[EXERCISE INPUTS]

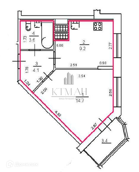 Общая площадь 35.6 м2
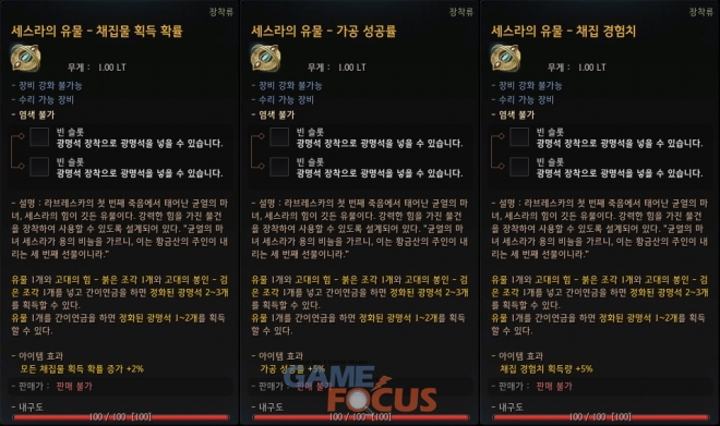 이용자는 생활 콘텐츠 수행 시 신규 유물 '세스라의 유물'과 '풀의 광명석'을 얻을 수 있다. '풀의 광명석'을 속성별로 다양하게 조합해 생활 숙련도 및 생활 경험치, 채집량 증가 등 세트 효과를 받을 수 있다. 펄어비스는 검은사막 이용자를 위한 생활 콘텐츠 수익 및 접근성을 개선하고 있다.
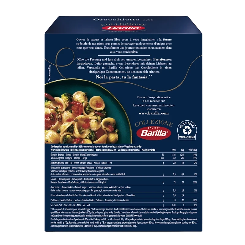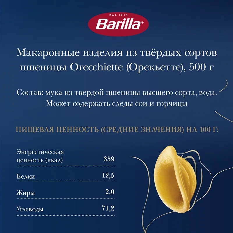 Макароны Barilla Orecchiette представляют собой одну из разновидностей традиционной итальянской пасты. Они имеют ребристую поверхность и углубления внутри и за характерную форму получили название макароны-ушки. Barilla Ореккьетте прекрасно сочетаются с мясом, рыбой, птицей и овощами. Эта паста помогает наиболее полно раскрыть насыщенный вкус и богатый аромат соуса, так как благодаря особой текстуре и внутренней полости удерживает его и не позволяет стекать. Итальянские макароны производятся из твёрдых сортов пшеницы и воды и не содержат искусственных добавок и консервантов. Они не теряют форму во время варки и не слипаются.
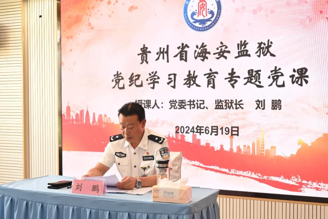 为扎实推进党纪学习教育,6月19日,海安监狱党委委员、书记、监狱长刘鹏以《深入学习贯彻习近平总书记关于加强党的纪律建设的重要论述,深化党纪学习教育,扛起政治责任、筑牢廉洁自律防线》为题,为监狱党委班子成员、中层以上领导干部讲授党纪学习教育专题党课。
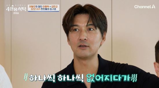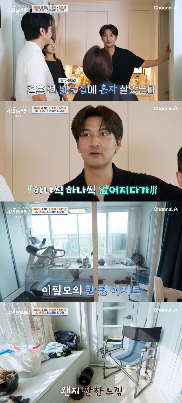 15일 방송된 채널A '절친 토큐멘터리-4인용 식탁'에는 27년 차 배우 이필모가 출연했다. 이날 이필모는 서울예대 93학번 동기이자 32년 지기인 절친 이종혁과 김민교를 집으로 초대했다.
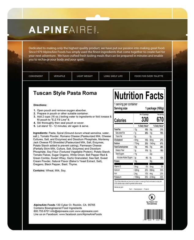 Be the first to review “AlpineAire Tuscan Style Pasta Roma” Cancel reply

[EXERCISE DIRECTIONS]
Leave the pictures out and return the rest of the material exactly.

[RESULT BELOW]
 Общая площадь 35.6 м2
 이용자는 생활 콘텐츠 수행 시 신규 유물 '세스라의 유물'과 '풀의 광명석'을 얻을 수 있다. '풀의 광명석'을 속성별로 다양하게 조합해 생활 숙련도 및 생활 경험치, 채집량 증가 등 세트 효과를 받을 수 있다. 펄어비스는 검은사막 이용자를 위한 생활 콘텐츠 수익 및 접근성을 개선하고 있다.
 Макароны Barilla Orecchiette представляют собой одну из разновидностей традиционной итальянской пасты. Они имеют ребристую поверхность и углубления внутри и за характерную форму получили название макароны-ушки. Barilla Ореккьетте прекрасно сочетаются с мясом, рыбой, птицей и овощами. Эта паста помогает наиболее полно раскрыть насыщенный вкус и богатый аромат соуса, так как благодаря особой текстуре и внутренней полости удерживает его и не позволяет стекать. Итальянские макароны производятся из твёрдых сортов пшеницы и воды и не содержат искусственных добавок и консервантов. Они не теряют форму во время варки и не слипаются.
 为扎实推进党纪学习教育,6月19日,海安监狱党委委员、书记、监狱长刘鹏以《深入学习贯彻习近平总书记关于加强党的纪律建设的重要论述,深化党纪学习教育,扛起政治责任、筑牢廉洁自律防线》为题,为监狱党委班子成员、中层以上领导干部讲授党纪学习教育专题党课。
 15일 방송된 채널A '절친 토큐멘터리-4인용 식탁'에는 27년 차 배우 이필모가 출연했다. 이날 이필모는 서울예대 93학번 동기이자 32년 지기인 절친 이종혁과 김민교를 집으로 초대했다.
 Be the first to review “AlpineAire Tuscan Style Pasta Roma” Cancel reply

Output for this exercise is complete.